CORPUS_FILE = "text8_512" if USE_TEXT8 else "ptb_train"
CORPUS_URL = "https://data.deepai.org/text8.zip" \
    if USE_TEXT8 else f'https://raw.githubusercontent.com/tomsercu/lstm/master/data/ptb.train.txt'

TARGET_SIZE = 1   # Size of the target event (word)
CONTEXT_SIZE = 10  # Size of the context.
WINDOW_SIZE = TARGET_SIZE + CONTEXT_SIZE
SAMPLE_SIZE = 5   # Size of the negative samples
VECTOR_SIZE = 100  # Number of features in the event vector.

In [27]:
STATE_FILE_PTB_C10_S5_WND_V100_LR5 = "../models/word2vec_sgram_ptb_train_E1_C10_S5_Wnormal_std_0.01_V100_LR5.0_N10.pkl"
STATE_FILE_PTB_C10_S5_WND_V100_LR20 = "../models/word2vec_sgram_ptb_train_E1_C10_S5_Wnormal_std_0.01_V100_LR20.0_N10.pkl"
STATE_FILE_TEXT8_C10_S5_WND_v100_LR20 ="../models/word2vec_sgram_text8_512_E1_C10_S5_Wnormal_std_0.01_V100_LR20.0_N1.pkl"
STATE_FILE_TEXT8_C6_S6_WND_V100_LR20 = "../models/word2vec_sgram_text8_512_E1_C6_S6_Wnormal_std_0.01_V100_LR20.0_N1.pkl"

---

# Data
## Corpus

In [28]:
path_to_corpus = f"~/.keras/datasets/{CORPUS_FILE}"
if fileio.Function.is_file(path_to_corpus):
    pass
else:
    # text8, run "cat text8 | xargs -n 512 > text8_512" after download
    path_to_corpus = tf.keras.utils.get_file(
        fname=CORPUS_FILE,
        origin=CORPUS_URL,
        extract=True
    )
corpus = fileio.Function.read_file(path_to_corpus)
print(path_to_corpus)

/home/oonisim/.keras/datasets/text8_512


In [29]:
examples = corpus.split('\n')[:1]
for line in examples:
    print(line)

anarchism originated as a term of abuse first used against early working class radicals including the diggers of the english revolution and the sans culottes of the french revolution whilst the term is still used in a pejorative way to describe any act that used violent means to destroy the organization of society it has also been taken up as a positive label by self defined anarchists the word anarchism is derived from the greek without archons ruler chief king anarchism as a political philosophy is the belief that rulers are unnecessary and should be abolished although there are differing interpretations of what this means anarchism also refers to related social movements that advocate the elimination of authoritarian institutions particularly the state the word anarchy as most anarchists use it does not imply chaos nihilism or anomie but rather a harmonious anti authoritarian society in place of what are regarded as authoritarian political structures and coercive economic institutio

---
# Event (word) indexing
Index the events that have occurred in the event sequence.

In [30]:
%autoreload 2
from layer.preprocessing import (
    EventIndexing, 
)

In [31]:
word_indexing = EventIndexing(
    name="word_indexing_on_ptb",
    corpus=corpus
)
del corpus

---
# Word Embedding

Embedding is to train the model to group similar events in a close proximity in the event vector space.
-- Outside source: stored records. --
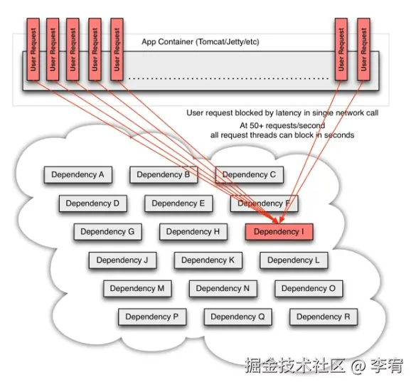 - **问题:**由于某个外部服务导致的阻塞
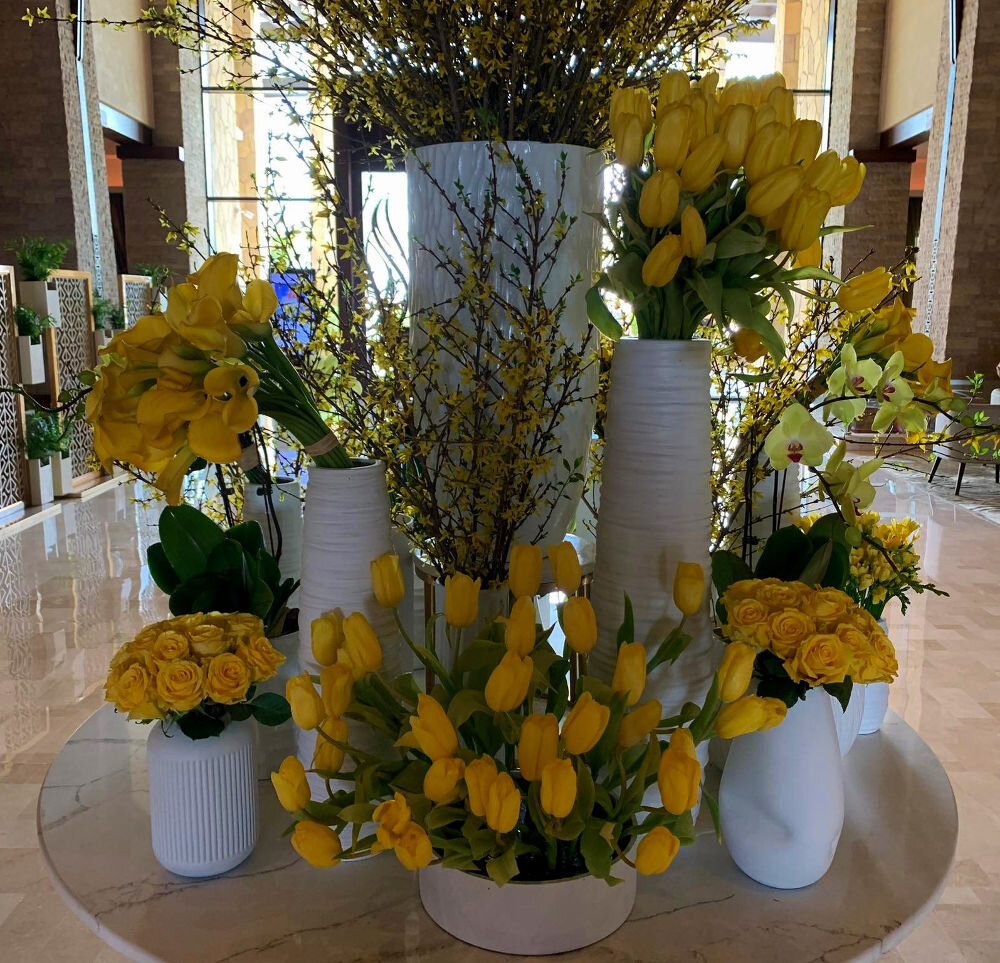 В холле отеля Sofitel Dubai The Palm увидел такой прекрасный букет из желтых цветов. Ну как было не сфотографировать такую красоту. Флорист поработал на отлично.
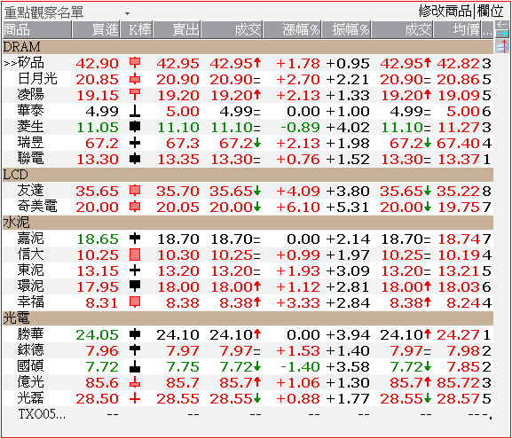 提供使用者同時觀察多種商品報價的功能,以了解各類別的商品組合行情。
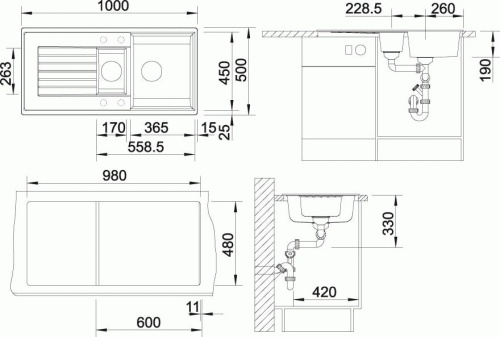 - Мойка кухонная Blanco Zia 6S 514748 антрацит
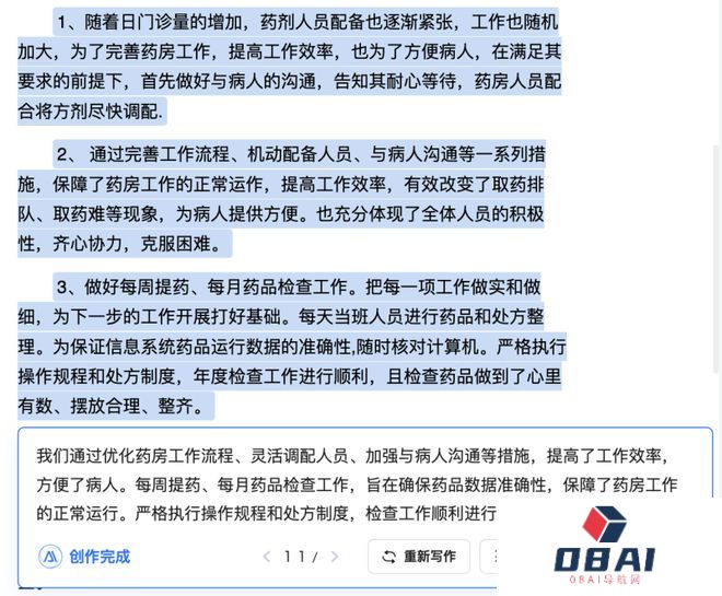 在撰写文章时,篇幅长短、文字风格等都会影响读者的阅读体验。当我上传了一份《药店经理年终工作计划与总结》的文档后,要求百度文库帮我将描述“药房进展工作”的内容缩减到100字以内。
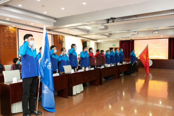 宋迎东为研制团队授队旗和支部旗。试验队队长王寅、党支部书记陈传志郑重从宋迎东手中接过大旗。在旗帜掩映中,全体试验队员庄严宣誓。
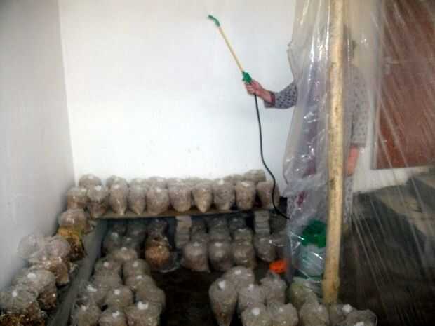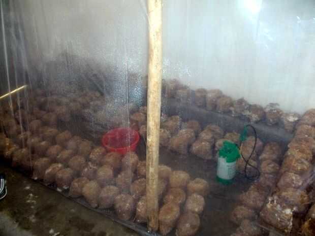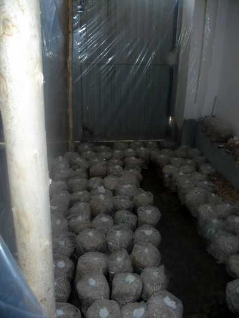 Una vez que la fijación ha comenzado, es hora de sacar el sustrato de las bolsas. Naturalmente la fijación ocurre como humedad aumenta, aparecen niveles bajos de luz y caída de niveles de temperatura. Aumentar la humedad creciente del ambiente rociando regularmente con un rociador de agua (Evite rociar directamente sobre los hongos). También puede mojar el piso y dejar contenedores de agua abiertos en la habitación (95-100% de humedad se recomienda). Como nuestro clima es muy seco, sólo logramos el 60%, cayendo hasta el 40%, con un pulverizador de 5 litros de agua 2 - 3 veces al día (incluso a estos niveles de humedad que se logra un buen resultado). Para evitar excesivos niveles de CO2 , permita que la zona de cultivo purgar con aire limpio antes de rociar. Si se puede regular la temperatura en consecuencia.
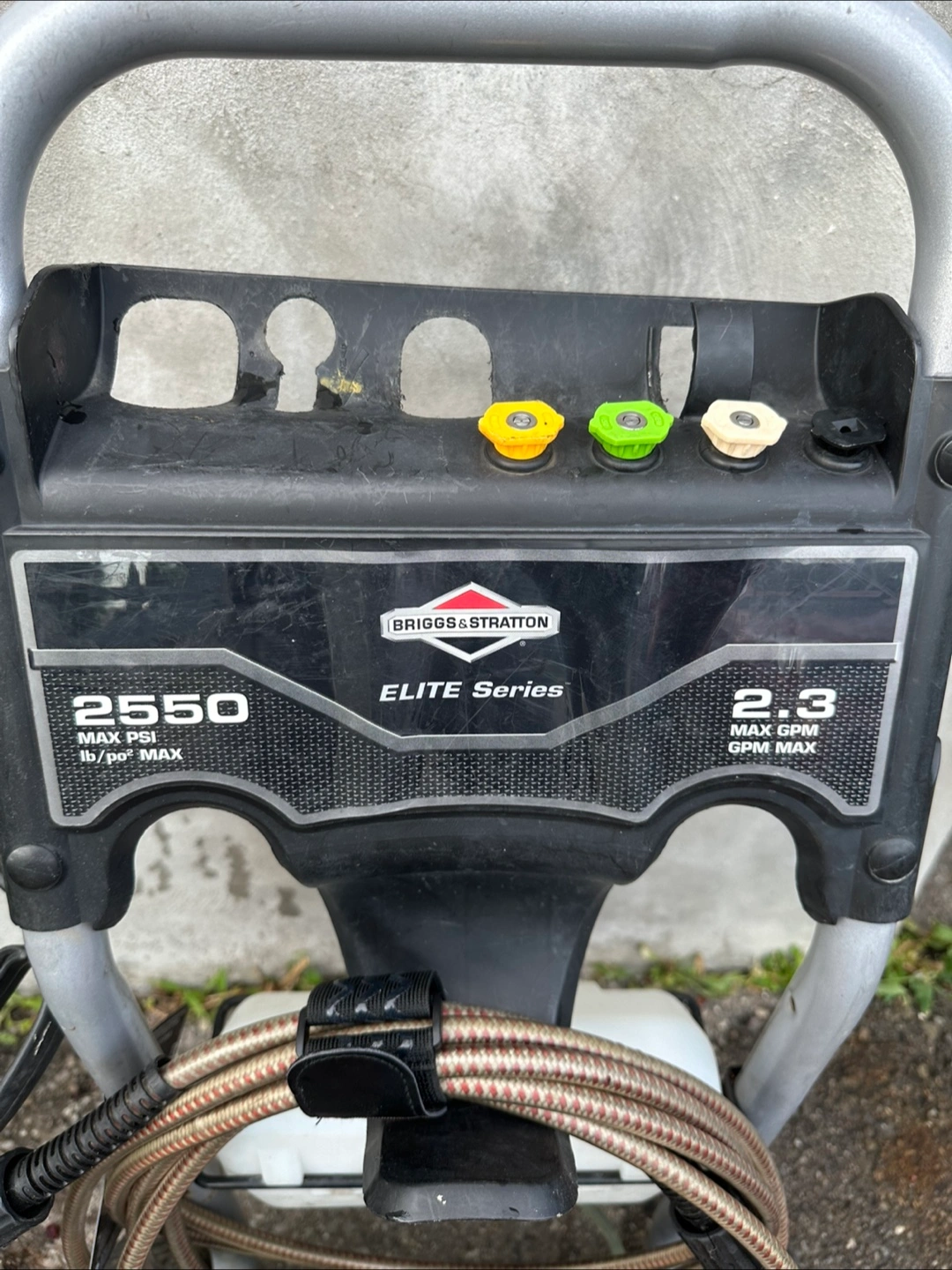 Selling a Briggs & Stratton Elite Series 2550 pressure washer! It features a 6.75 engine series with 190cc. It delivers 2550 max PSI and 2.3 GPM max.
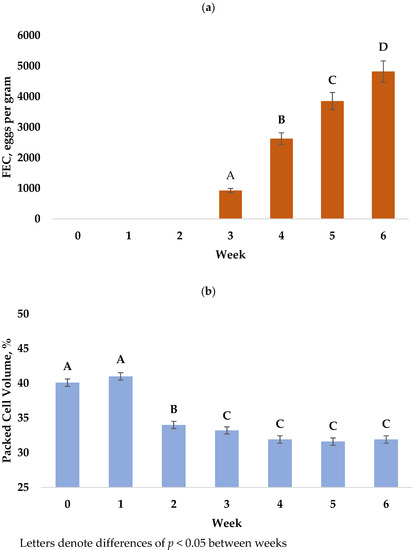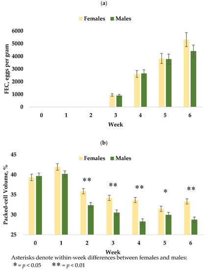 Packed-cell volume differed by week across the trial (p < 0.0001, Figure 1b). Ranges of PCV across trial from the start through week six were 28–56, 27–56, 22–44, 20–42, 20–43, 24–40, and 18–40%, respectively. By sex, PCV also differed (p < 0.0001) across the trial and female lambs were significantly higher at week two (36.0 ± 0.7 vs. 32.0 ± 0.7), week three (34.2 ± 0.7 vs. 30.1 ± 0.7), week four (33.7 ± 0.7 vs. 28.1 ± 0.7), week five (31.5 ± 0.7 vs. 29.6 ± 0.7), and week six (33.3 ± 0.7 vs. 28.4 ± 0.7), as displayed in Figure 3. No differences in PCV were observed by sire (Figure 2b) or with all two- and three-way interactions with week and sex.
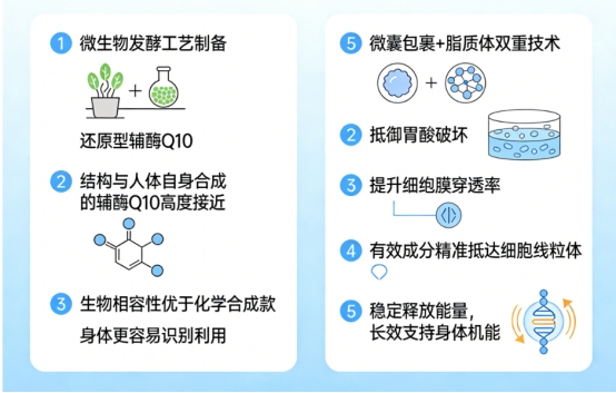 采用微生物发酵工艺制备还原型辅酶 Q10,结构与人体自身合成的辅酶 Q10 高度接近,生物相容性优于化学合成款,身体更容易识别利用。同时搭配微囊包裹 + 脂质体双重技术,既能抵御胃酸破坏,又能提升细胞膜穿透率,让有效成分精准抵达细胞线粒体,稳定释放能量,长效支持身体机能。
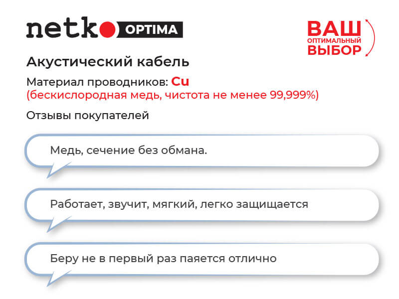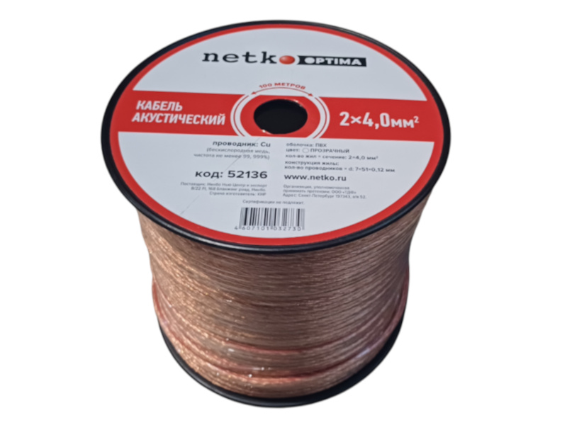 Кабель акустический 2*4.0мм2 (7*51*0.12мм) BC, 100м, пластиковая катушка, прозрачный NETKO Optima
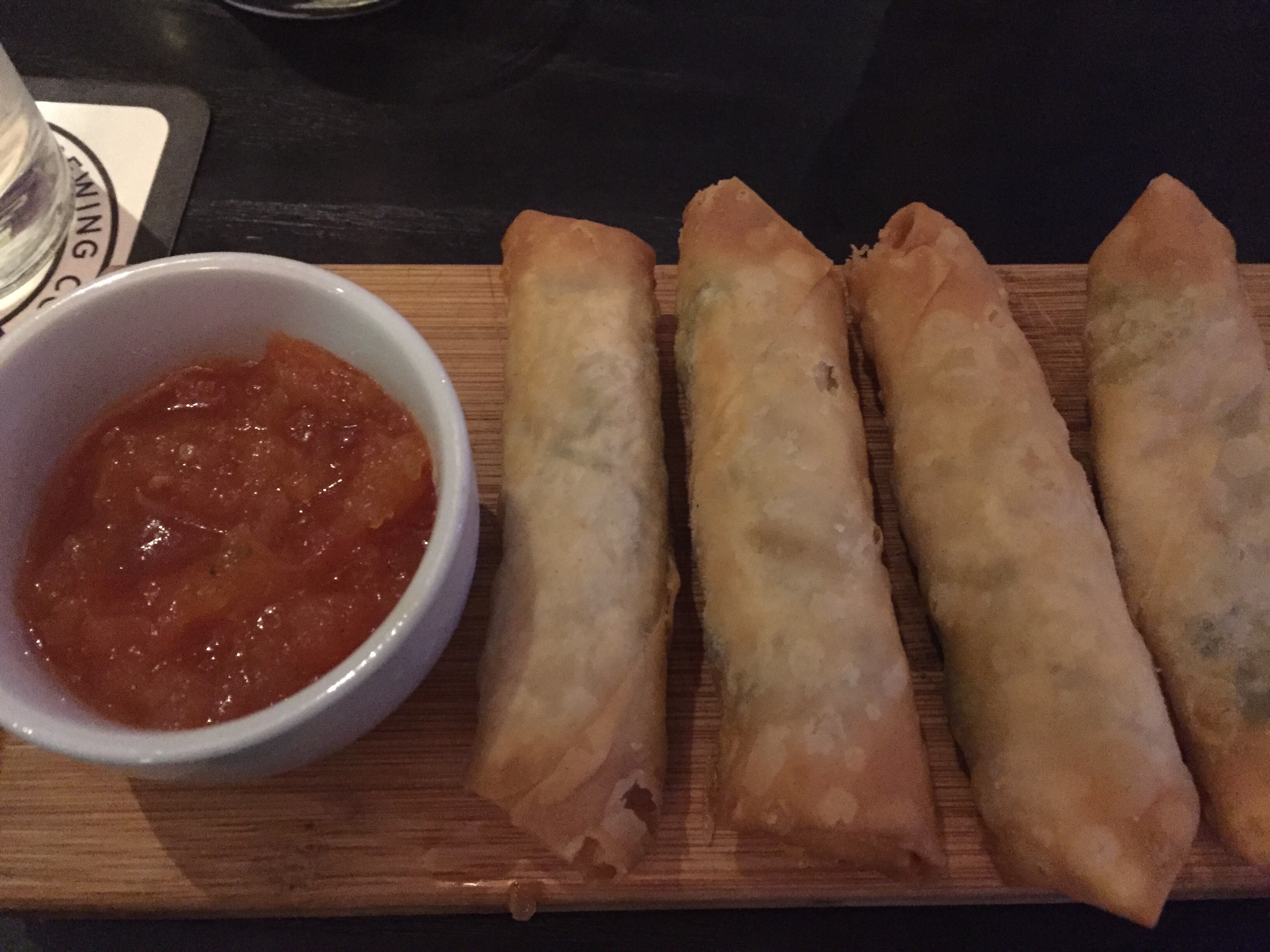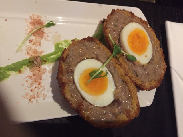 We got stuck into their yummy pub grub. Norm had his fave starter the Scotch Egg at R45. Caitlin and I shared the Jalapeno Cheddar Cigars at R44.

If two events e.g. 'pencil' and 'pen' are similar concepts, then their event vectors resides in a close distance in the event space. 

* [Thought Vectors](https://wiki.pathmind.com/thought-vectors)



In [32]:
%autoreload 2
if USE_CBOW:
    from layer.embedding_cbow_dual_vector_spaces.py import (
        Embedding
    )
else:
    from layer.embedding_sgram import (
        Embedding
    )

from optimizer import (
    SGD
)

In [33]:
embedding: Embedding = Embedding(
    name="embedding",
    num_nodes=WINDOW_SIZE,
    target_size=TARGET_SIZE,
    context_size=CONTEXT_SIZE,
    negative_sample_size=SAMPLE_SIZE,
    event_vector_size=VECTOR_SIZE,
    dictionary=word_indexing
)

---
# Evaluate the vector space

Verify if the trained model, or the vector space W, has encoded the words in a way that **similar** words are close in the vector space.

* [How to measure the similarity among vectors](https://math.stackexchange.com/questions/4132458)

# Benchmark 

Use [gensim word2vec](https://radimrehurek.com/gensim/models/word2vec.html) as the benchmark.

In [34]:
from gensim.models import (
    Word2Vec
)
from gensim.models.word2vec import (
    LineSentence    
)

In [42]:
sentences = LineSentence(source=path_to_corpus)

In [43]:
w2v = Word2Vec(
    sentences=sentences, 
    sg=0,
    window=3, 
    negative=3,
    vector_size=100, 
    min_count=1, 
    workers=4
)
del sentences

### Input word

In [37]:
n = 10
context = "king".split()
word_indices = np.array(word_indexing.list_indices(context), dtype=TYPE_INT)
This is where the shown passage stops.